Paper
7 September 2022 Research on automatic opening tunnel fire door method by patrol robot in dark environment
Chong Li, Qihui Cui, Gengshuo Liu, Qi Wang, Song Ma, Guodong Zhu, Rui Guo
Author Affiliations +
Proceedings Volume 12329, Third International Conference on Artificial Intelligence and Electromechanical Automation (AIEA 2022); 123292I (2022) https://doi.org/10.1117/12.2646904
Event: Third International Conference on Artificial Intelligence and Electromechanical Automation (AIEA 2022), 2022, Changsha, China
Abstract
The cable patrol patrol robot can distinguish the fire door by image recognition technology and realize the function of crossing the fire door autonomously. However, the effect of image recognition is greatly affected by light intensity. In some cable tunnels, the dim environment makes the effect of image recognition fire door poor, which seriously affects the passage of robots. In order to improve the identification accuracy of fire door in dim environment, a method of tunnel fire door identification by patrol robot in dim environment was proposed. Firstly, the original image was preprocessed, and the image enhancement technology was mainly used to enhance the details of the collected image through guided filtering.

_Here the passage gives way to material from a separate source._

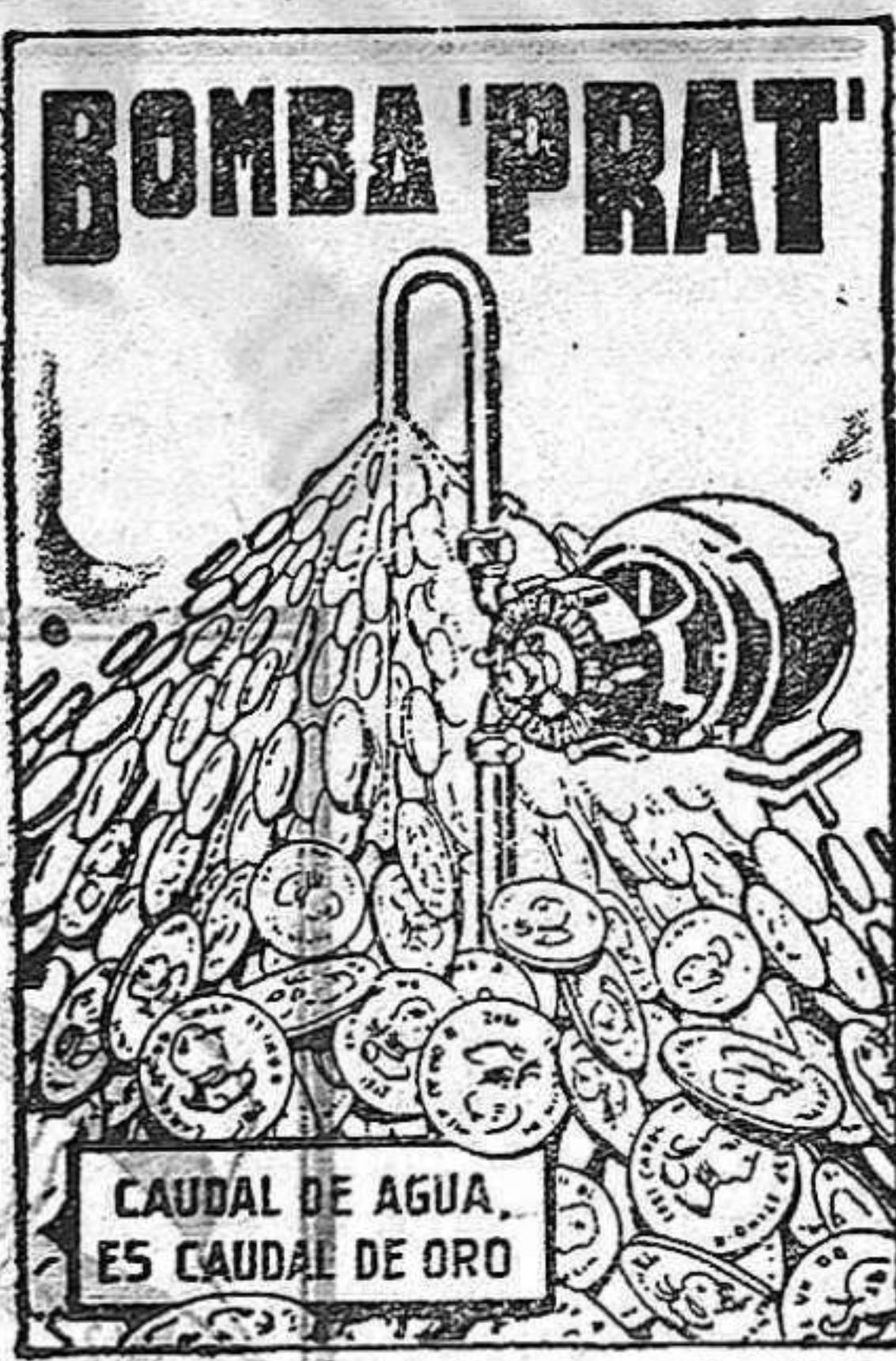
CAUDAL DE AGUA ES CAUDAL DE ORO

AGUA A COMODIDAD, SIN GASTES NI INTERRUPCIONES, Y CON UN CONSUMO DE FLUIDO INSIGNIFICANTE

The saliency detection algorithm based on feature clustering and multi-scale fusion can effectively reduce the interference of background information and false target, and obtain the feature image of target image. A target recognition network based on improved YOLO-V4 was adopted, which added one auxiliary network, which can effectively improve the performance of the whole feature extraction network. The attention mechanism was adopted to fuse the feature information of the auxiliary network and the backbone network, which enhanced the effective information channel, suppressed the invalid information channel, and improved the efficiency of network recognition. The experimental results show that this method can improve the accuracy of image recognition in dim environment and effectively solve the problem that patrol robot cannot accurately identify the fire door due to insufficient light.
© (2022) COPYRIGHT Society of Photo-Optical Instrumentation Engineers (SPIE). Downloading of the abstract is permitted for personal use only.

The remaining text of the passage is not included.